Task for the records below: repeat the line containing "These are photos" and every line after it, exactly and with nothing else, but leave out the pictures.

═══ Given data

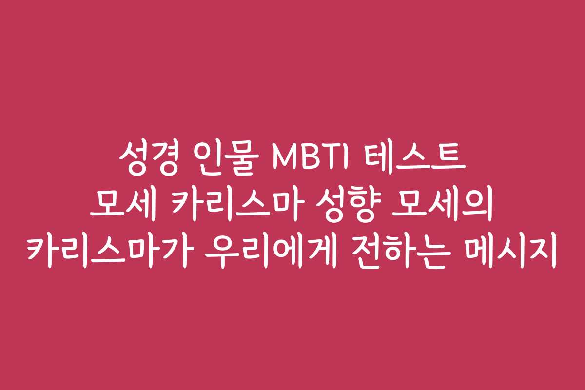 모세는 성경에서 가장 위대한 인물 중 하나로, 그의 카리스마는 사람들에게 큰 영향을 미쳤습니다. 그렇다면 모세의 성격 유형은 어떨까? 모세의 카리스마가 우리에게 전하는 메시지는 무엇일까요? MBTI를 통해 분석해보겠습니다.
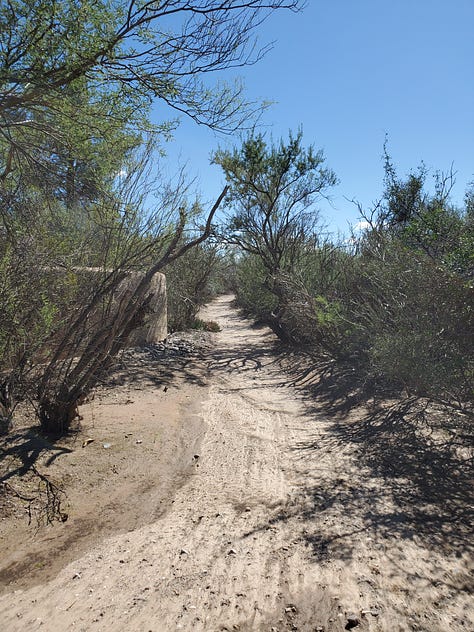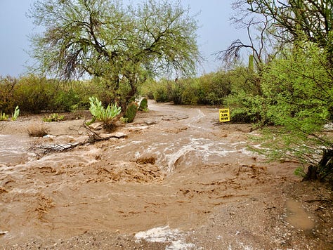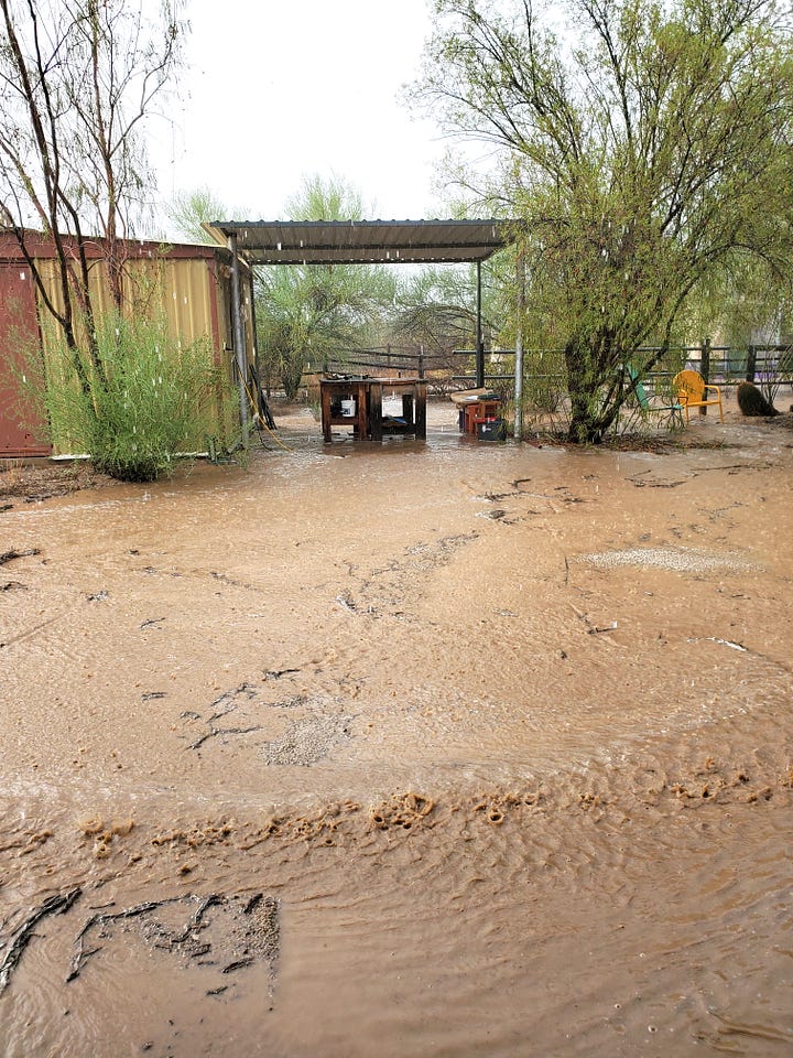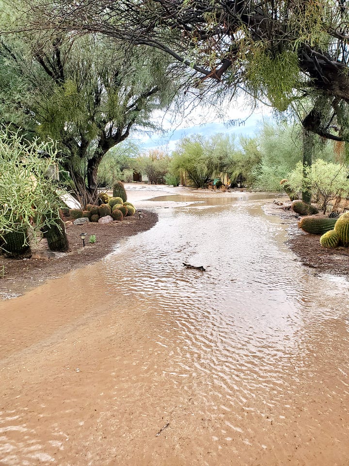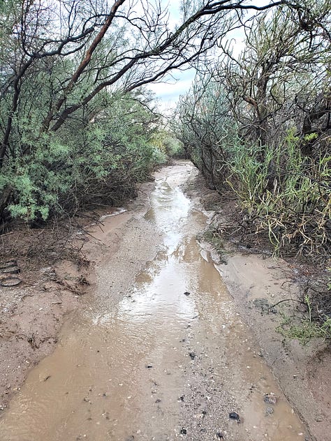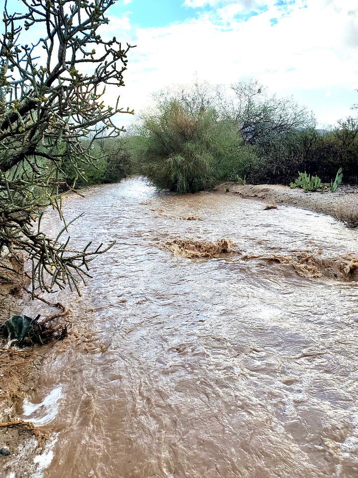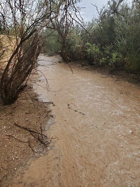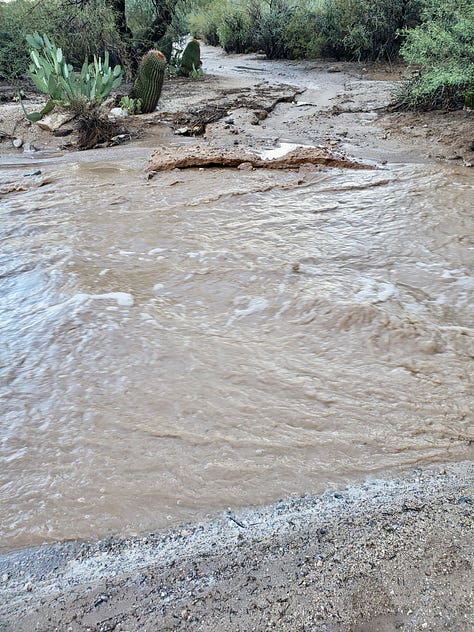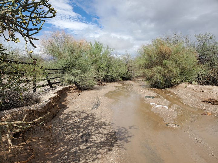 These are photos of the wash heading north. Both photos were taken on the same day, a few hours apart. It is completely dry today. I didn’t take photos today cuz he was digging it up to repair the road. The palo verde on the right with some dead in the middle will help orient you.
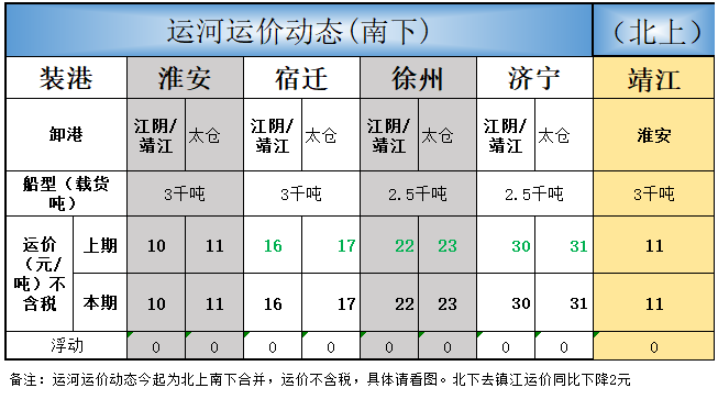 运河运价分析主要基于具有行业一定权威性的多家船东提供出来的运价数据,仅供参考。
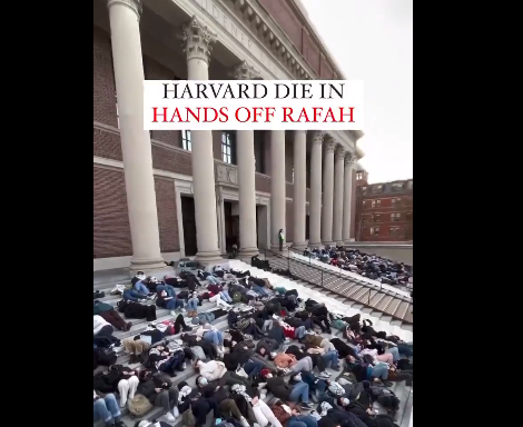 Harvard, Boston : des étudiants de la prestigieuse université américaine ont effectué un “die-in” sur les marches de la bibliothèque Widener, afin de protester contre l’intolérable offensive militaire à Rafah, dont les bombardements ont déjà tué des centaines de civils palestiniens.
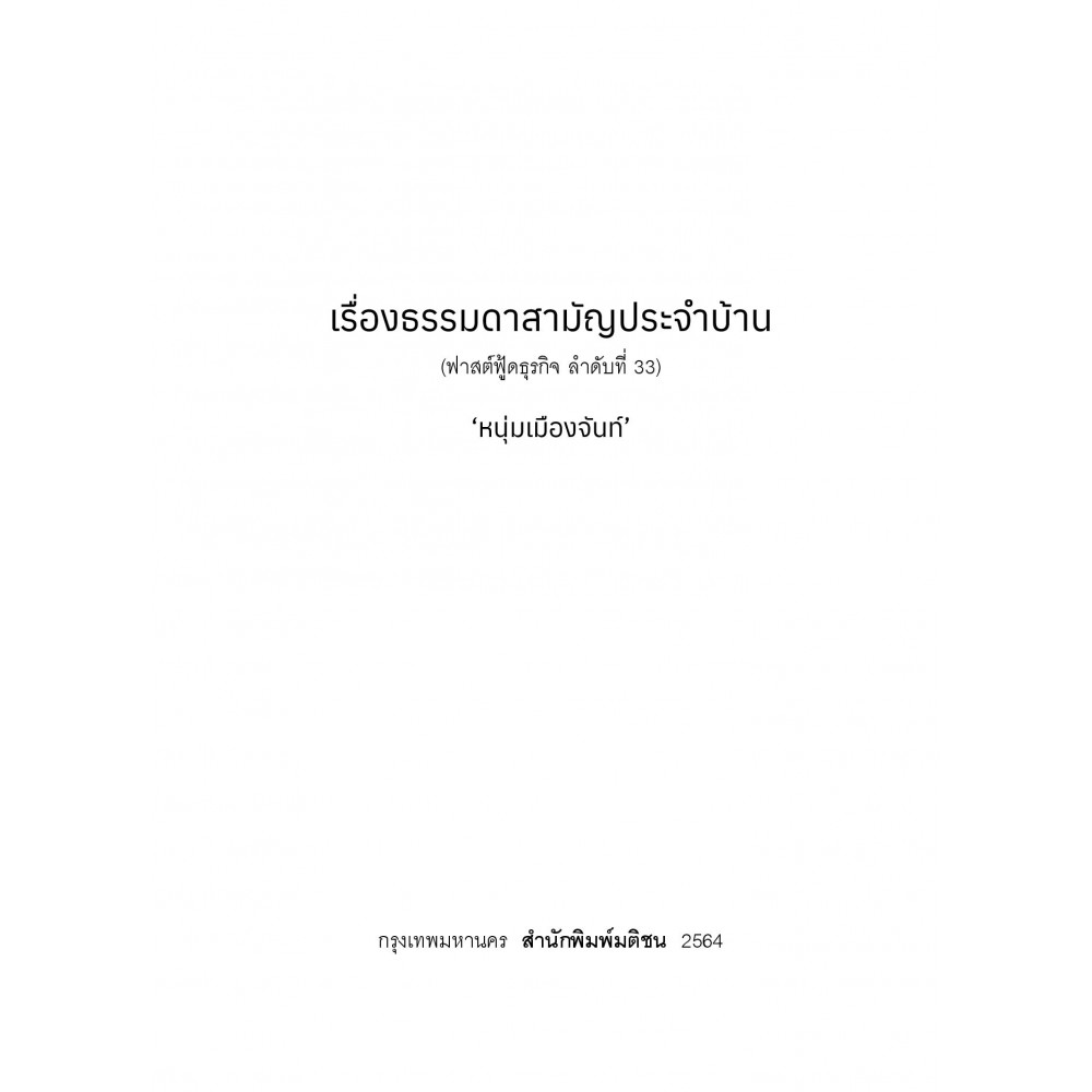 หลายคนให้ความสำคัญกับ “เรื่องใหญ่ๆ” ในชีวิต เพราะคิดว่าเป็น “เรื่องไม่ธรรมดา” ที่ควรค่าแก่ความสนใจ จนอาจลืมไปว่าชีวิตของเรานั้น ต้องเจอ “เรื่องเล็กๆ” ที่เป็น “เรื่องธรรมดา” ทุกวัน แค่พลิกมุมคิด… บางที “เรื่องธรรมดา” อาจกลายเป็น “เรื่องไม่ธรรมดา” ไปก็ได้ ‘หนุ่มเมืองจันท์’ และฟาสต์ฟู้ดธุรกิจลำดับที่ 33 มาพร้อมเรื่องราวสุดแสนธรรมดาจากการดูซีรีส์ อ่านหนังสือ ฟังเพลง เล่นโซเชียลมีเดีย สนทนากับผู้คน จนถึงการเล่นคลับเฮาส์ที่ผ่านการตกตะกอนทางความคิดมาเล่าสู่กันฟัง
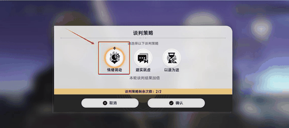 2、想要更顺利地谈判,可以先选择谈判策略中的【情绪调动】,有助于在接下来的选择中更容易达成协议。

══════

> Solution for this problem:
 These are photos of the wash heading north. Both photos were taken on the same day, a few hours apart. It is completely dry today. I didn’t take photos today cuz he was digging it up to repair the road. The palo verde on the right with some dead in the middle will help orient you.
 运河运价分析主要基于具有行业一定权威性的多家船东提供出来的运价数据,仅供参考。
 Harvard, Boston : des étudiants de la prestigieuse université américaine ont effectué un “die-in” sur les marches de la bibliothèque Widener, afin de protester contre l’intolérable offensive militaire à Rafah, dont les bombardements ont déjà tué des centaines de civils palestiniens.
 หลายคนให้ความสำคัญกับ “เรื่องใหญ่ๆ” ในชีวิต เพราะคิดว่าเป็น “เรื่องไม่ธรรมดา” ที่ควรค่าแก่ความสนใจ จนอาจลืมไปว่าชีวิตของเรานั้น ต้องเจอ “เรื่องเล็กๆ” ที่เป็น “เรื่องธรรมดา” ทุกวัน แค่พลิกมุมคิด… บางที “เรื่องธรรมดา” อาจกลายเป็น “เรื่องไม่ธรรมดา” ไปก็ได้ ‘หนุ่มเมืองจันท์’ และฟาสต์ฟู้ดธุรกิจลำดับที่ 33 มาพร้อมเรื่องราวสุดแสนธรรมดาจากการดูซีรีส์ อ่านหนังสือ ฟังเพลง เล่นโซเชียลมีเดีย สนทนากับผู้คน จนถึงการเล่นคลับเฮาส์ที่ผ่านการตกตะกอนทางความคิดมาเล่าสู่กันฟัง
 2、想要更顺利地谈判,可以先选择谈判策略中的【情绪调动】,有助于在接下来的选择中更容易达成协议。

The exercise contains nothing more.